For example, nitrobacter found in roots nodules helps replenish the soil with nitrogen enrichment, dead decaying vegetative parts of plants also provides soil enrichment, etc.
The cumulative impacts of these organisms result in healthier soil that is more resilient during storm events.

Summary

Vegetation helps stabilize forested slopes by providing root strength and by modifying the saturated soil water regime. Plant roots can anchor through the soil mass into fractures in bedrock, can cross zones of weakness to more stable soil, and can provide interlocking long fibrous binders within a weak soil mass.
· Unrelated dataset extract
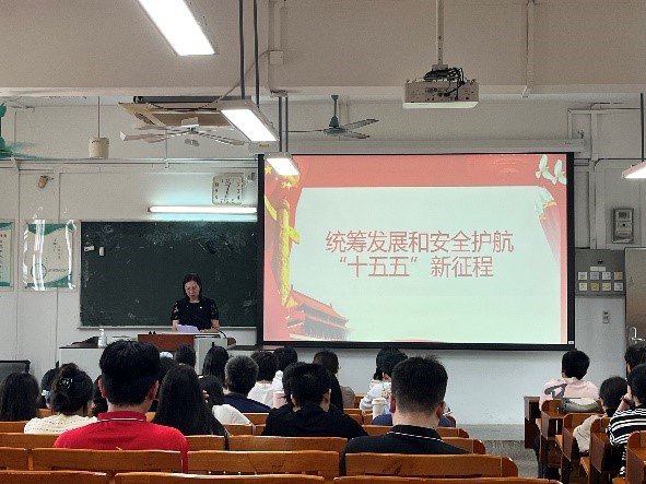 随后,欧阳倩兰副书记围绕“国家安全教育”和“政绩观学习教育”作专题党课。结合2026年“国家安全教育月”活动主题“统筹发展和安全,护航‘十五五’新征程”,她以《在守护国家安全中书写青春担当》为题,指出国家安全与青年息息相关。她提醒学员,社交平台晒涉密照片、点击钓鱼链接、盲目网络跟评、忽视安全常识等行为均可能引发安全风险。她强调,增强国家安全意识、掌握防范技能,既是学员的基本素养,更是时代责任。她希望学员主动学习总体国家安全观,将相关内容融入主题党日、团日、班会等活动,在反诈防骗、文明上网等方面当好网络空间的“安全卫士”,以青春担当守护国家安全,将个人奋斗融入强国建设和民族复兴伟业。此外,她还带领全体学员深入学习习近平总书记关于树立和践行正确政绩观的重要论述。

In Mediterranean-type climates, having warm, dry summers, forest evapotranspiration can develop a substantial soil moisture deficit which can reduce both piezometric head and slope mass. Pore water pressures change seasonally in response to precipitation and are often the driving mechanism which ultimately leads to slope failure. When trees are cut, the root system begins to decay, and the soil-root fabric progressively weakens.

The loss of root strength or increased soil moisture content or both after-tree removal can lower the slope safety factor sufficiently that a moderate storm and associated rise in pore water pressure can result in slope failure. After trees are removed, the frequency of landslides can increase.

Also without vegetation, soil nutrients that has already been exhausted or washed away by erosion will not be easily replenished by natural means.

Conclusion

Vegetation helps stabilize steep forested slopes chiefly by reinforcing the soil through tree roots and by changing the soil water regime. Most slope failures occur during major storms when the soil is saturated. Pore water pressures within the soil change seasonally in response to precipitation. Soil moisture in areas where the forest has been recently cut is usually greater than in uncut areas. Also following cutting, the tree root system begins to decay, and the soil- root fabric progressively weakens.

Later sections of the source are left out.